Material for the task ::

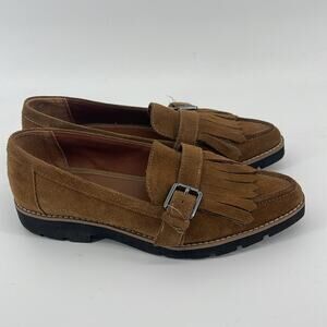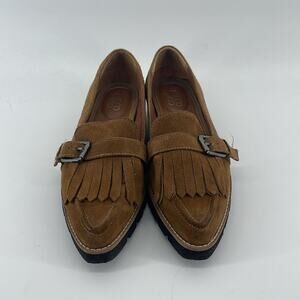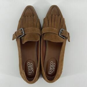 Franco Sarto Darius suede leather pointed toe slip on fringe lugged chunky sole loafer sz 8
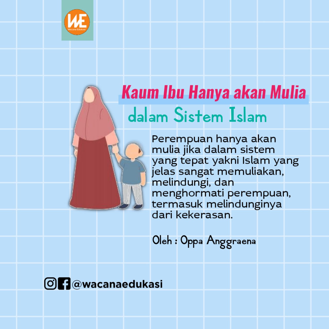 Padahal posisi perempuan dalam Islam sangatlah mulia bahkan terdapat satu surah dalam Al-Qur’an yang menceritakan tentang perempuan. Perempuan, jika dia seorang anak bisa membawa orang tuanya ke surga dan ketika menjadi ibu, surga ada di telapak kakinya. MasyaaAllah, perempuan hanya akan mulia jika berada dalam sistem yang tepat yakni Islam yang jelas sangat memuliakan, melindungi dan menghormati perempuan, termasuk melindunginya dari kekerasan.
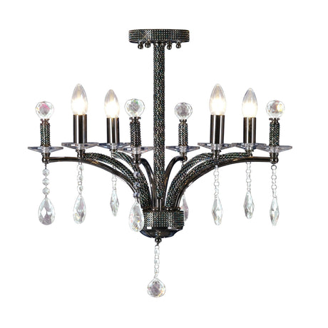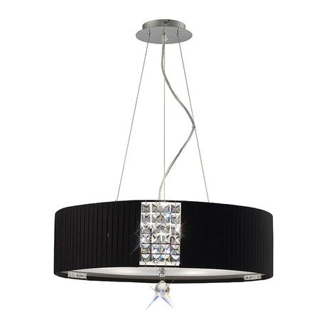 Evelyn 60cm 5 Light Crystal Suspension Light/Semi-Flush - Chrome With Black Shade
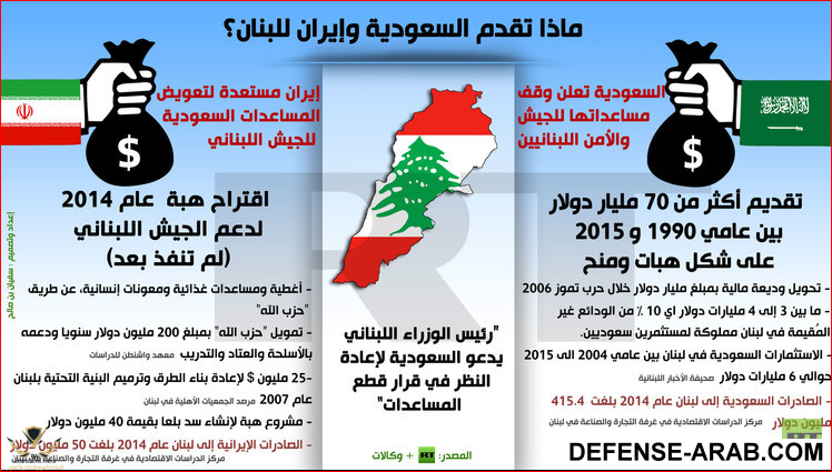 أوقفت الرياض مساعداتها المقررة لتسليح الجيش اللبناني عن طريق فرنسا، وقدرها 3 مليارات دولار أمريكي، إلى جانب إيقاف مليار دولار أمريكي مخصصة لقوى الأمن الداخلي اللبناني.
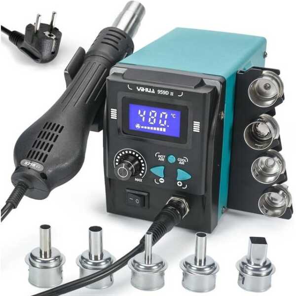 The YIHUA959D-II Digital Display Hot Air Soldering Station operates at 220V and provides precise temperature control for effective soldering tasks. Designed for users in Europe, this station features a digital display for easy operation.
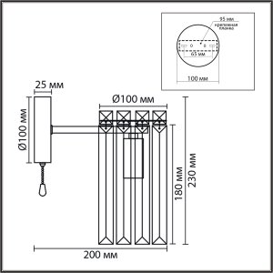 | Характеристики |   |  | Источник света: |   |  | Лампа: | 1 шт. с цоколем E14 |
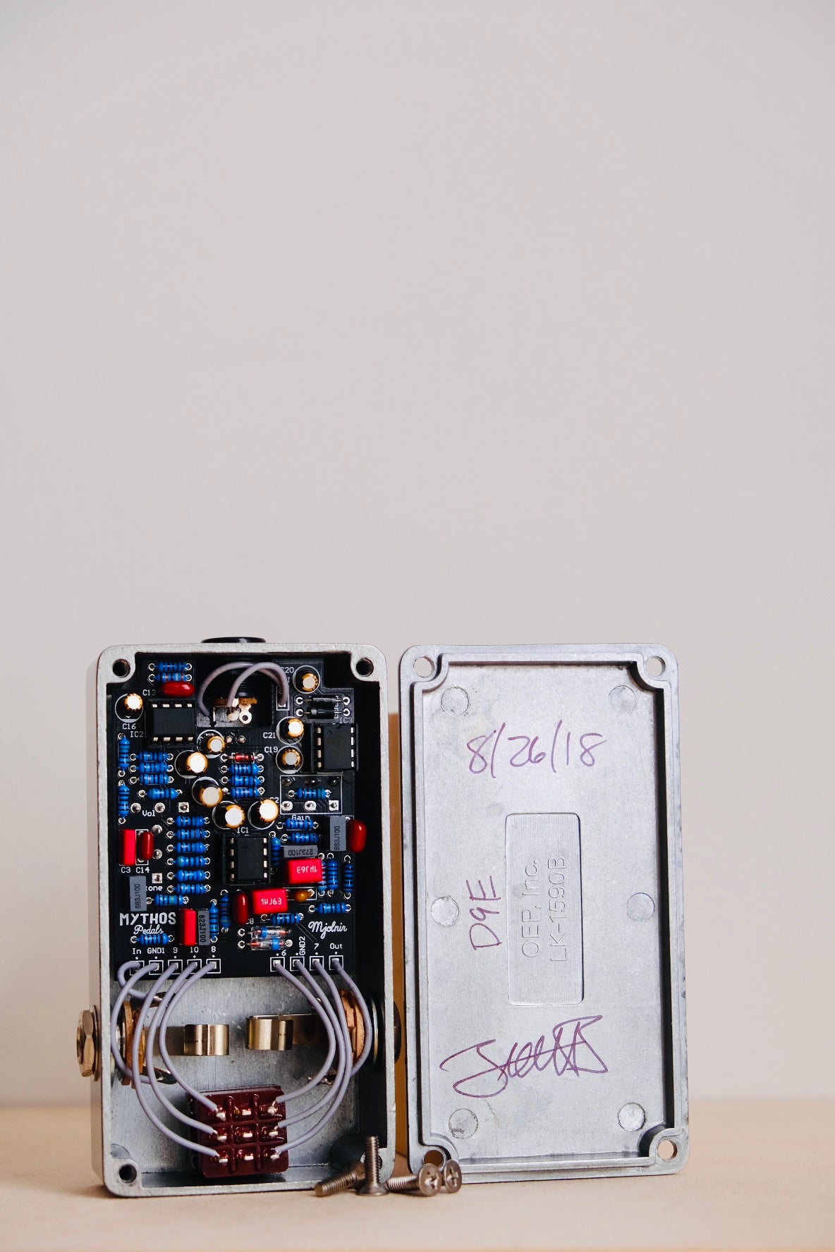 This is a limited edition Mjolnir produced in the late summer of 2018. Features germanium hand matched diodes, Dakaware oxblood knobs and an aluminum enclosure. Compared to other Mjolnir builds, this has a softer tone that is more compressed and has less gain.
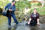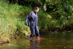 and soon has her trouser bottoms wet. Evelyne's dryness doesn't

Work required :: Leaving out the pictures, print each line of the records above from the first up to and including the one that contains "أوقفت الرياض مساعداتها", exactly as written.

Response to the task ::
 Franco Sarto Darius suede leather pointed toe slip on fringe lugged chunky sole loafer sz 8
 Padahal posisi perempuan dalam Islam sangatlah mulia bahkan terdapat satu surah dalam Al-Qur’an yang menceritakan tentang perempuan. Perempuan, jika dia seorang anak bisa membawa orang tuanya ke surga dan ketika menjadi ibu, surga ada di telapak kakinya. MasyaaAllah, perempuan hanya akan mulia jika berada dalam sistem yang tepat yakni Islam yang jelas sangat memuliakan, melindungi dan menghormati perempuan, termasuk melindunginya dari kekerasan.
 Evelyn 60cm 5 Light Crystal Suspension Light/Semi-Flush - Chrome With Black Shade
 أوقفت الرياض مساعداتها المقررة لتسليح الجيش اللبناني عن طريق فرنسا، وقدرها 3 مليارات دولار أمريكي، إلى جانب إيقاف مليار دولار أمريكي مخصصة لقوى الأمن الداخلي اللبناني.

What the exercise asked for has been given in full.